Work instructions
The copy should hold exactly the lines below from the one that contains "Ariat Women’s Suede" through the one that contains "Add a pop of" and nothing else, so no pictures.

Record excerpts

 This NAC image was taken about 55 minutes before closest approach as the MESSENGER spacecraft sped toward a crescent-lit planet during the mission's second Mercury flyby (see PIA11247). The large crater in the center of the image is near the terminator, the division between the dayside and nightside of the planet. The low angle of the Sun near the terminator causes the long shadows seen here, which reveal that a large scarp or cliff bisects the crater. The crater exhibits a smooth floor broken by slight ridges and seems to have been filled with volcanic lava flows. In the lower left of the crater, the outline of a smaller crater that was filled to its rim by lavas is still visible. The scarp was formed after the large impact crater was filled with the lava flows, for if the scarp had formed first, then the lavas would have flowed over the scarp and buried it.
---
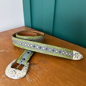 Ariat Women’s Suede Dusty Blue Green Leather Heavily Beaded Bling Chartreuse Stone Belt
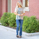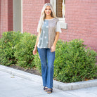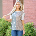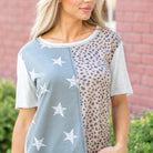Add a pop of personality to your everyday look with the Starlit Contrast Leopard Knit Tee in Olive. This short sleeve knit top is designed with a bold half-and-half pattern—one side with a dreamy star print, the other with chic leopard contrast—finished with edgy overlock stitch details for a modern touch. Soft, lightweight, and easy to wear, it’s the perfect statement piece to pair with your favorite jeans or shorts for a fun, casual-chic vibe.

Problem solution
 Ariat Women’s Suede Dusty Blue Green Leather Heavily Beaded Bling Chartreuse Stone Belt
Add a pop of personality to your everyday look with the Starlit Contrast Leopard Knit Tee in Olive. This short sleeve knit top is designed with a bold half-and-half pattern—one side with a dreamy star print, the other with chic leopard contrast—finished with edgy overlock stitch details for a modern touch. Soft, lightweight, and easy to wear, it’s the perfect statement piece to pair with your favorite jeans or shorts for a fun, casual-chic vibe.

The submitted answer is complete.